**Dataset excerpts:**
******
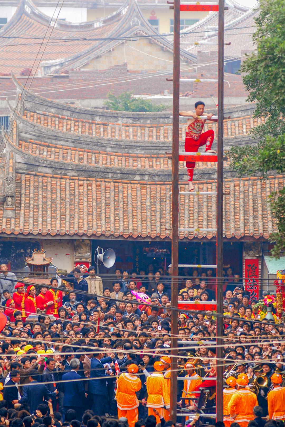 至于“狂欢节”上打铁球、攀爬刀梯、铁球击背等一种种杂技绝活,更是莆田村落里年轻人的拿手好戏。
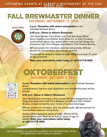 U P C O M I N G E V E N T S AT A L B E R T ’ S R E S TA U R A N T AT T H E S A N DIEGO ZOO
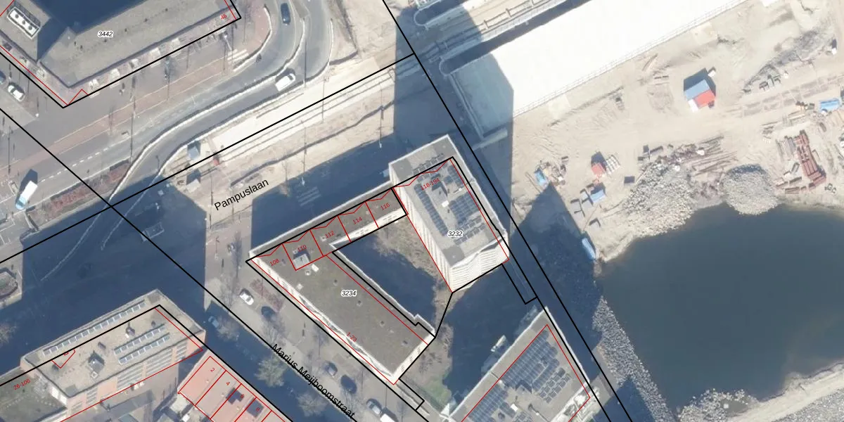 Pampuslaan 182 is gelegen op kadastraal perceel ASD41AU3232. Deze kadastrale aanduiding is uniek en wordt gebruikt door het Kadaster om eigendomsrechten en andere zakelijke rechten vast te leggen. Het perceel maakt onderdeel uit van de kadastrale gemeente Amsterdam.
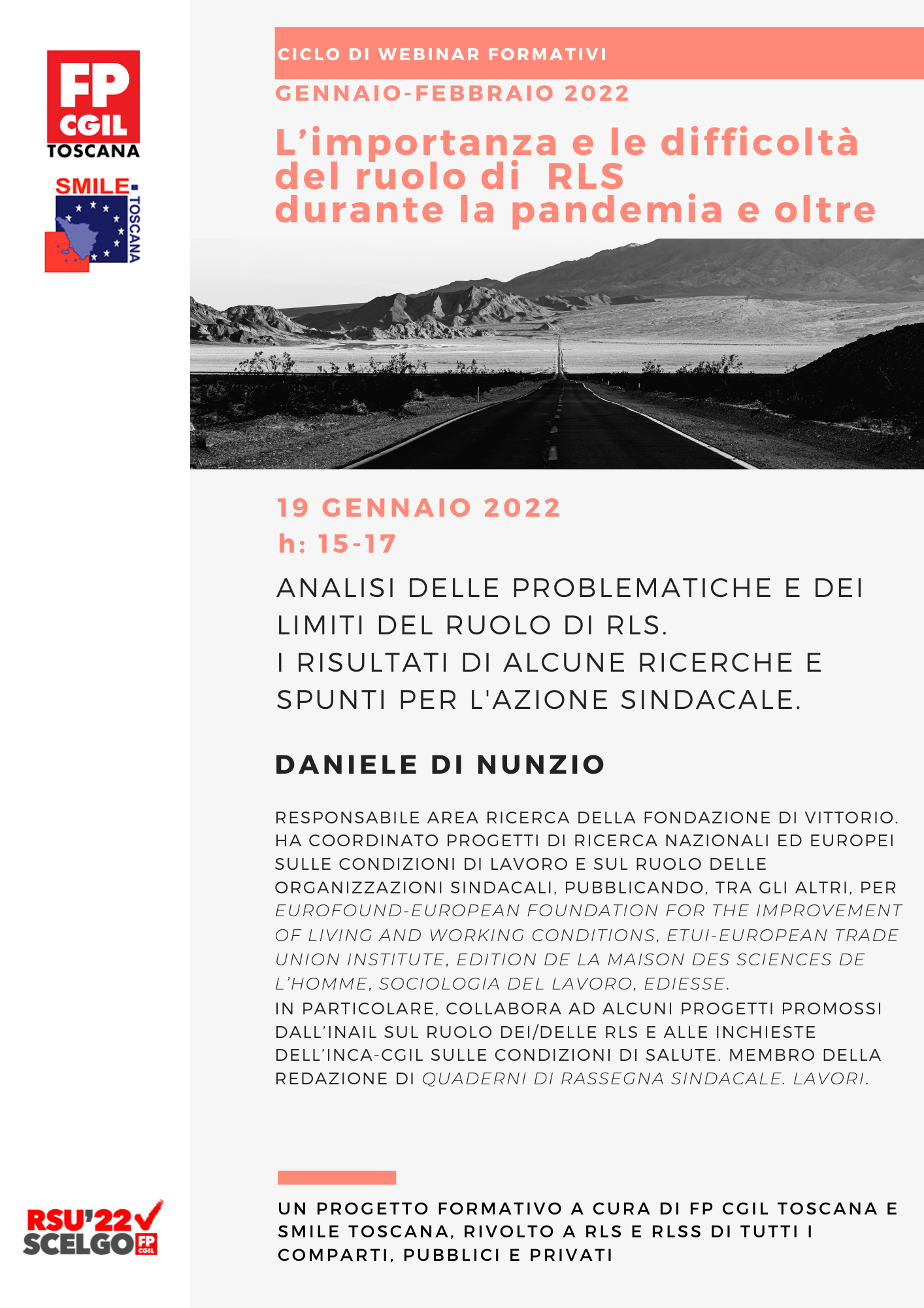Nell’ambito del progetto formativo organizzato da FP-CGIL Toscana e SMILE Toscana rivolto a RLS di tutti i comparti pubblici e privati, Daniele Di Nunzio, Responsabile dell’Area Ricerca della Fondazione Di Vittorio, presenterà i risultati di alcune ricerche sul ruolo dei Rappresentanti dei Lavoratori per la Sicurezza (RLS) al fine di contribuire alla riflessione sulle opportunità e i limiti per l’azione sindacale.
******
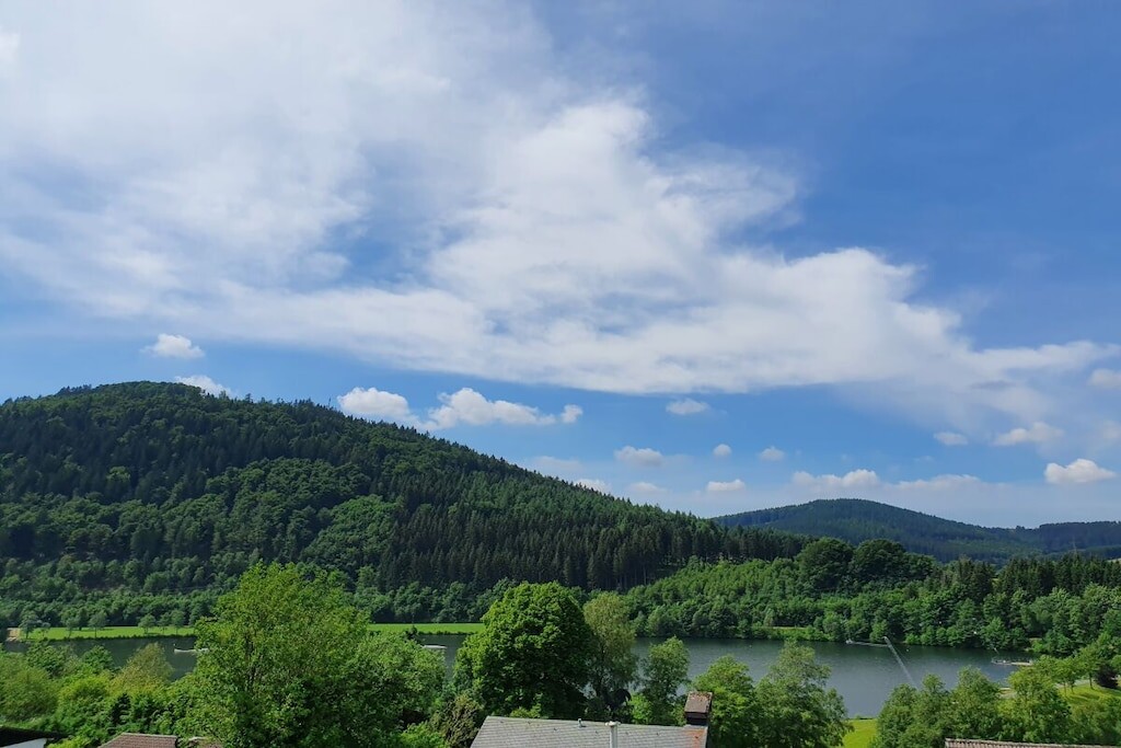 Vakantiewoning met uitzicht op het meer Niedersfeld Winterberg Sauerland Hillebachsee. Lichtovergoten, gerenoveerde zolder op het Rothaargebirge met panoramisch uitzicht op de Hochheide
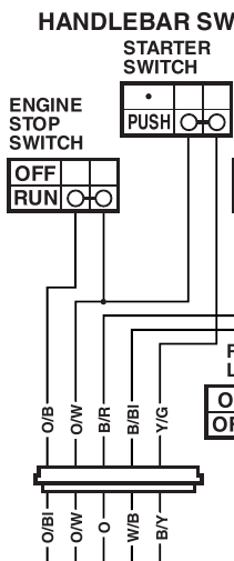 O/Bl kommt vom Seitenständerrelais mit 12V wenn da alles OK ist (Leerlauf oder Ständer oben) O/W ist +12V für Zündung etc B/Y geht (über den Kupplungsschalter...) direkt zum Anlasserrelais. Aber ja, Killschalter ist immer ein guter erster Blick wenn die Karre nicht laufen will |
******
Nothing outside the stretch above, from the line with "U P C O M I" through the line with "Nell’ambito del progetto", is set down. Transcribe that stretch exactly, ends included, but not its pictures.

 U P C O M I N G E V E N T S AT A L B E R T ’ S R E S TA U R A N T AT T H E S A N DIEGO ZOO
 Pampuslaan 182 is gelegen op kadastraal perceel ASD41AU3232. Deze kadastrale aanduiding is uniek en wordt gebruikt door het Kadaster om eigendomsrechten en andere zakelijke rechten vast te leggen. Het perceel maakt onderdeel uit van de kadastrale gemeente Amsterdam.
Nell’ambito del progetto formativo organizzato da FP-CGIL Toscana e SMILE Toscana rivolto a RLS di tutti i comparti pubblici e privati, Daniele Di Nunzio, Responsabile dell’Area Ricerca della Fondazione Di Vittorio, presenterà i risultati di alcune ricerche sul ruolo dei Rappresentanti dei Lavoratori per la Sicurezza (RLS) al fine di contribuire alla riflessione sulle opportunità e i limiti per l’azione sindacale.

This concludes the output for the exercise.